Path ./bug_1778049738215.bug
Files 42 files (28.4 KB)
Fingerprint sha256:c8b3...
# 3. Share the file (Slack, email, gist, attachment...)
# 4. Anyone replays it on their machine
$ bugproof replay bug_1778049738215.bug
✔ REPRODUCTION CONFIRMED
Exit code exit 1 (match)
Verdict Reproduction confirmed (exact fingerprint match)
Optional flow:
$ bugproof inspect bug.bug # peek at the contents
$ bugproof diff old.bug new.bug # what changed between two captures
$ bugproof share bug.bug # publish as a GitHub Gist
BugProof ships 14 commands. Every command supports --help and --json for machine-readable output.
| Command | Purpose |
|---|---|
bugproof capture | Run a command, record everything, produce a .bug artifact |
bugproof replay | Re-execute an artifact, compare against expected fingerprint |
bugproof watch | Transparently wrap a command — capture only if it fails |
bugproof inspect | Show artifact contents (manifest, command, fingerprint, files) |
bugproof diff | Side-by-side comparison of two artifacts |
bugproof verify | Validate the Ed25519 signature on a .bug (standalone) |
bugproof keygen | Generate an Ed25519 keypair for signing artifacts |
bugproof share | Publish an artifact as a GitHub Gist |
bugproof mcp | Start the MCP server for AI-agent integration |
bugproof init | Scaffold a .bugproofrc config file |
bugproof prune | Garbage-collect orphan sandbox temp directories |
bugproof clean | Remove all .bug artifacts from the current directory |
bugproof pull | Download a shared .bug artifact from a GitHub Gist |
bugproof doctor | Verify OS support for sandbox isolation features |
bugproof help | Help for any command |
bugproof capture [command...]Run a command end-to-end and bundle the failure as <name>.bug.
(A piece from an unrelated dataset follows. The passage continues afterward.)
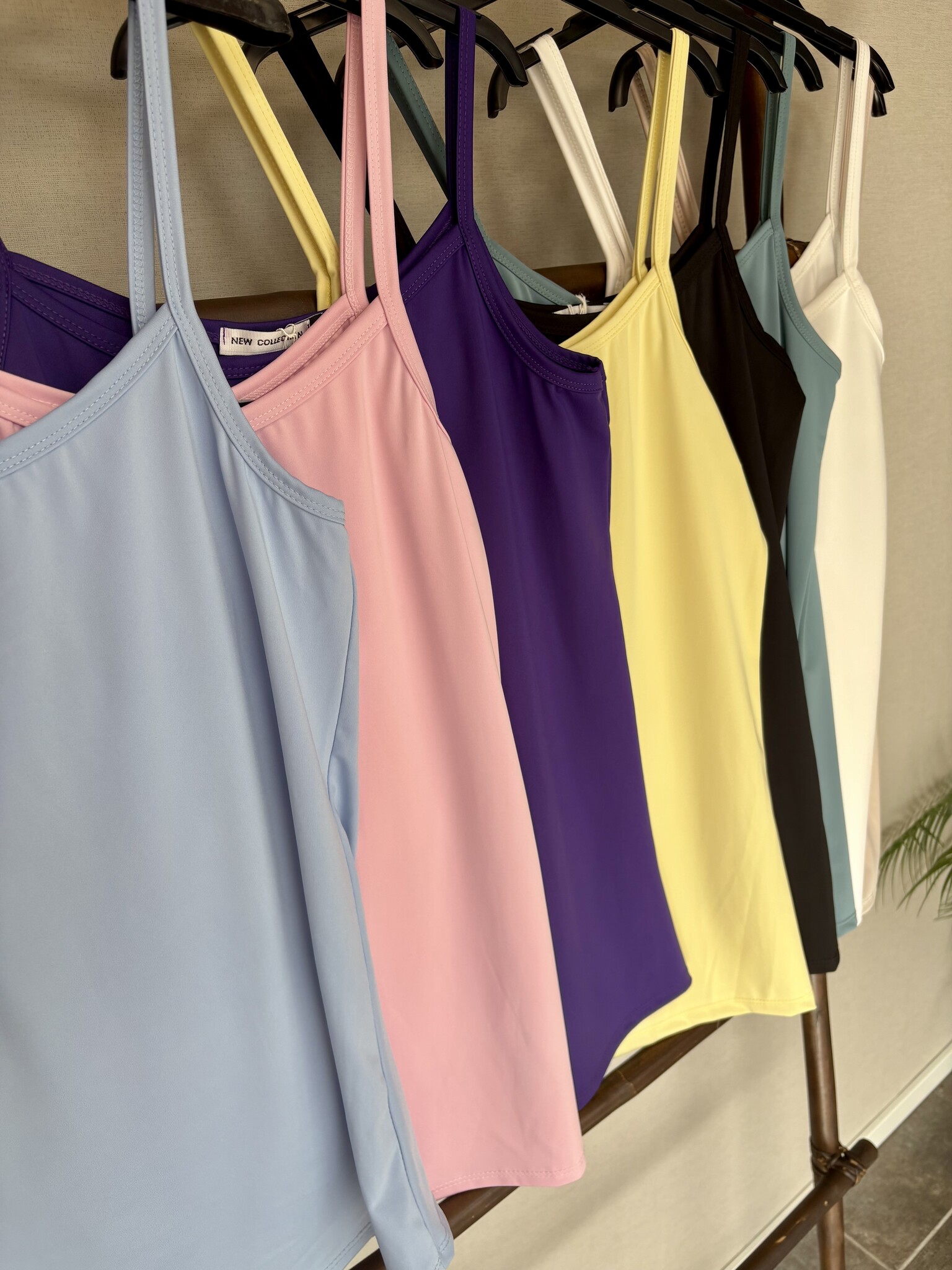 Deze top is beschikbaar in meerdere kleuren en heeft een aansluitende pasvorm. Gemaakt van een luchtige stof die zorgt voor een fijn draagcomfort. De top is afgewerkt met spaghettibandjes. Perfect te combineren met een blazer voor een nette look of perfect voor in de zomer!

bugproof capture -- npm test
bugproof capture -n auth-crash -d "Login fails on expired session" -- node server.js
bugproof capture -o ./bugs/ -- npm test
bugproof capture --include-untracked -- python app.py
bugproof capture -x "*.log" -x "node_modules/**" -- go test ./...
bugproof capture --timeout 600000 -- java -cp . Main
bugproof capture --include-compiled -- mvn test # force include .class/.jar files
bugproof capture --sign --signer "alice@example.com" -- ./run.sh
bugproof capture --json -- node script.js
| Flag | Description |
|---|---|
-n, --name <name> | Artifact name (becomes <name>.bug) |
-d, --description <desc> | Human-readable description embedded in the manifest |
-o, --output <dir> | Output directory (default: current directory; respects .bugproofrc outputDir) |
-x, --exclude <pattern> | Exclude files by glob (repeatable) |
--include-untracked | Bundle untracked files too (git ls-files -o) |
--include-compiled | Force include compiled artifacts (.class, .jar, .pyc, etc.) — auto-detected by default |
--timeout <ms> | Kill the command after N ms (default 300000) |
--skip-secrets | Don't scan env for secrets (skip the confirm prompt) |
--sign [key] | Sign with the default key, or a named key / path to a .key file |
--signer <id> | Embed a signer identity (email, gist URL, etc.) |
--json | Structured JSON output |
Default behavior: Without -n, artifacts are named bug_<timestamp>.bug. With .bugproofrc nameTemplate configured, the template is used instead. Without -o, artifacts are saved in the current directory.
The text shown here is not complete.